Noble slipped off the jacket of his dark pin-striped suit and secured it in the locker opposite the head. As the pilot strapped himself into the left seat, Noble climbed into the right. Noble was a square-built man with a sandy crewcut, his handsome face made rugged by wrinkles he’d acquired in two decades of drilling and construction on Mars.

“Did the meeting go well, sir?” The pilot, without prompting, was already running the prelaunch check. “Yes, the laser drills and the truck parts will be offloaded today and come down to us on tomorrow’s freight shuttle. The textiles and organics will have to go bonded through customs. Should be three days or so.”

“That’s not crowding the launch window?”

 

“No, it’s not. It’s precision timing. Rupert assures me
Doradus
will be loaded and cleared for launch on schedule.”

 

“Well, sir, no problem then.”

 

“No problem.” Noble rearranged his silk tie under the harness. “By the way, the Space Board investigator is here. Quick trip.”

 

“I saw the cutter starside as we came in.”

 

“Aren’t you curious?”

 

“Should I be?”

“She’s famous. Getting to be their star. Let’s see”–he ticked off the examples on his fingers–“solved the
Star Queen
case. Got Forster and Merck off Venus. Saved Farside Base.” Noble raised an eyebrow. “Maybe the Martian plaque will be next.”

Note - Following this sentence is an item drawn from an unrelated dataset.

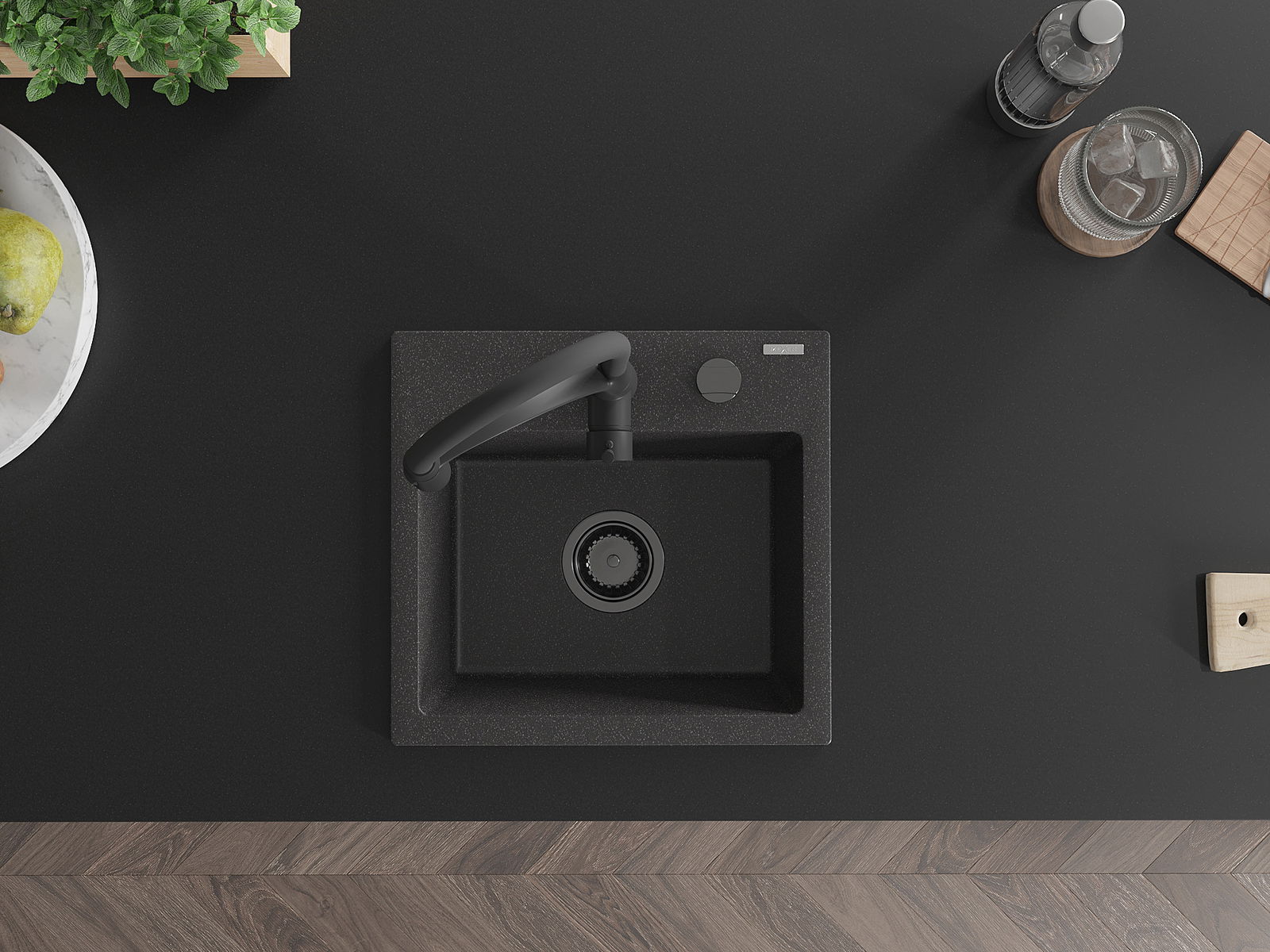 De Spullsteen huet e virgefraist Lach mat engem Duerchmiesser vu 35 mm fir selwer auszeschloen. Et kann ënner anerem genotzt ginn fir e Spender fir Flëssegkeet z'installéieren, deen d'Präsenz vu Plastikfläschen an der Kichen eliminéiert an hir en elegante Finish gëtt.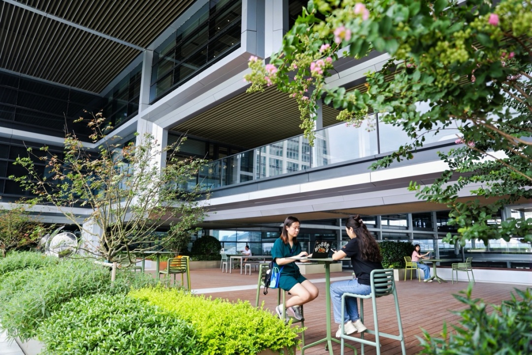 阿里巴巴上海园区紧邻黄浦江,站在园区高处,浦东前滩与外滩的壮丽景色尽收眼底。据了解,为了实现低碳、环保的目标,园区创新引入了AI算法,是一座由AI“算”出来的低碳园区。

The look on the pilot’s face was curiously mixed: part pleasure, part something else. “Ellen Troy?”

 

“Right first time.”

 

The pilot nodded and resumed his flight check. “If you’re all set for launch, sir, I’ll notify traffic control.”
IV

The gossamer Martian atmosphere extends much farther into space than does the air near gravid Earth; the wind began to whistle over the wings of the
Mars Cricket
soon after the shuttle left Mars Station, falling planetward. It would not stop even when the shuttle rolled to a halt on the ground, for on Mars the wind is eternal.

After what seemed a too-short trip the shuttle’s tires walloped fused sand and the craft slid unimpeded across the desert floor. Sparta bent her head to peer out the tiny oval window for a first closeup peek at the landscape of Mars.

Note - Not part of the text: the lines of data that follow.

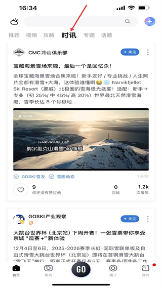 2、時訊,呈現滑雪相關實時資訊,涵蓋雪場推薦及賽事信息等內容,幫助滑雪愛好者及時獲取行業最新動態。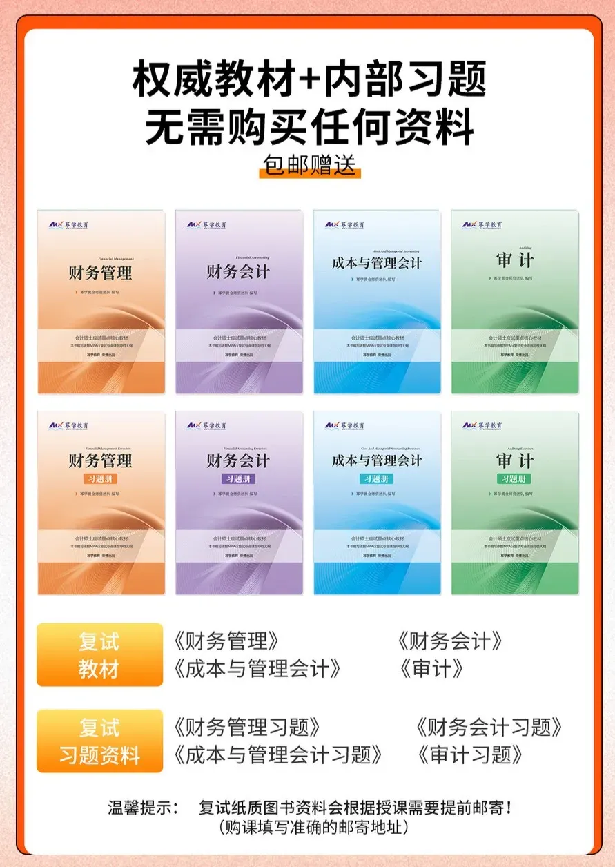 课程包邮赠送教材+内部习题:我们汇集整理了全国各大院校的历年考题和内部题库,将高频考题进行提炼汇编成册,通过系统教学+高频题库强化,帮助大家理清脉络、强化记忆、扫清疑惑,实现一本通,考点明!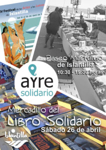 Tras la reciente firma de un convenio de colaboración con la entidad entidad sin ánimo de lucro Ayre Solidario, la Mancomunidad de Islantilla celebrará un Mercadillo de Libro Solidario en el Paseo Marítimo durante la jornada de clausura del festival en el que residentes, visitantes y turistas podrán adquirir a precios populares libros, películas y discos de vinilo, a la vez que colaboran con los proyectos de cooperación internacional en favor de la juventud que Ayre Solidario desarrolla en el norte de África.

Nearby, it was an astonishing blur.

Spaceplanes and shuttles land hot on Mars. Supersonic aircraft must be wedge shaped, and even with swing-wings forward they stall easily in the thin atmosphere, despite the low gravity. So runways are narrow lines across the red sands, thirty kilometers long and aligned with the prevailing winds, with ranks of barrier nets across their ends.

Farther from the blurred runway Sparta could resolve a plain of shifting dunes stretching to the base of distant bluffs. The banded bluffs were steep and high and everywhere in shadow, except to the east, where only their tops were in sunlight; their line stretched across the horizon, glowing vibrant gold at their ragged crests, deepening to royal purple in the open shadows below. At this longitude evening was approaching, and the twilight sky was a peculiar shade of burnt orange in which pale stars were already twinkling.

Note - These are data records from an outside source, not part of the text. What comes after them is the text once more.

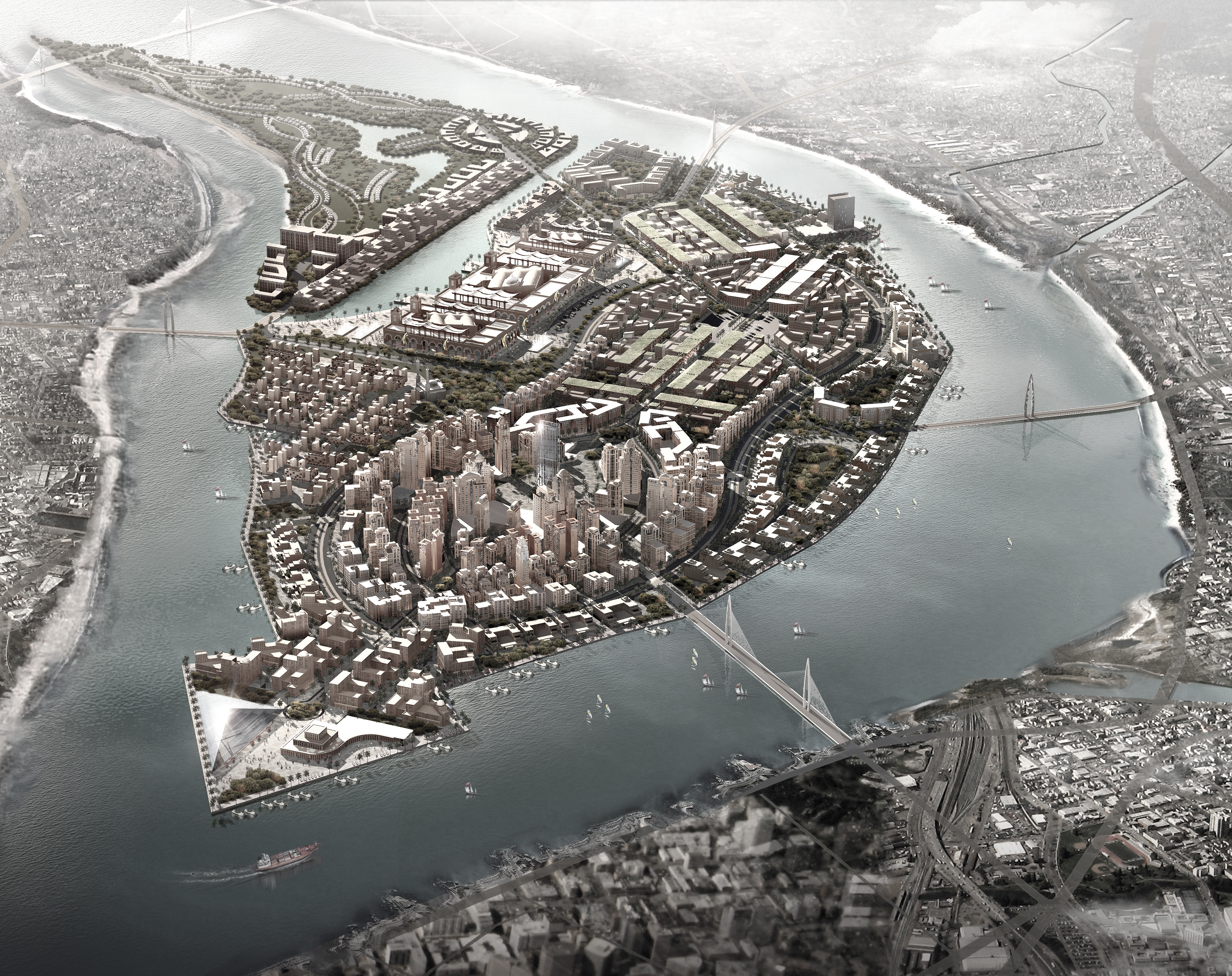 The Al-Warraq Island development is a part of the Egyptian Government’s vision to develop Cairo into a 21st Century Global City. This project will set a new standard in Egypt’s modernization initia- tives, over the next decade, by offering a high international standard and quality of life for the resi- dents of Cairo.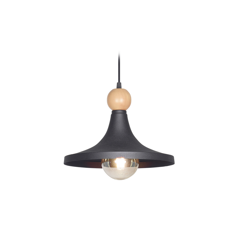 Colgante 1 luz cónico con madera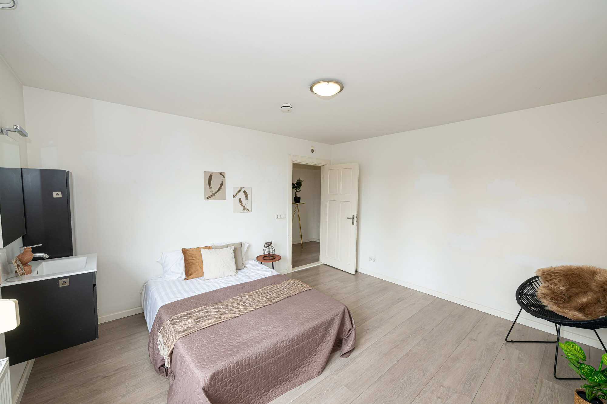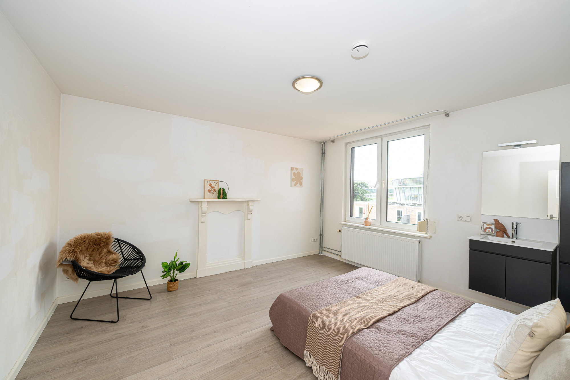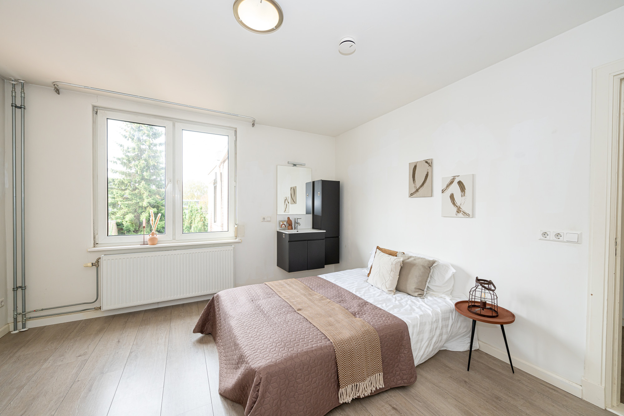 Slaapkamer aan de achterzijde voorzien van rolluiken, laminaatvloer en vaste wastafel met ombouw.

Minutes passed, until at last the shuttle perceptibly slowed its headlong rush, finally braking to a smooth stop well before it needed a barrier, letting its pointed snout droop toward the ground. Its wings, carbon black when cool, still glowed orange in the Martian twilight.

A ground tractor fetched the shuttle from the runway and towed it slowly toward a distant cluster of low buildings. The freshening breeze blew wisps of pink sand across the taxiway. Except for blue runway lights and the distant green gleam of the passenger terminal, there was no hint of life in the dusty expanse. Then Sparta caught sight of figures moving across the sand, people wearing brown pressure suits, hunched against the wind. She had no idea what their business was, but in their postures she read the cold, and she shivered.

Inside the terminal the air was warm. She stepped lightly from the docking tube; she weighed no more than forty pounds, and here she was strong enough to lift a desk or jump all the way across the little terminal building, which was no bigger than an ordinary magneplane station on Earth.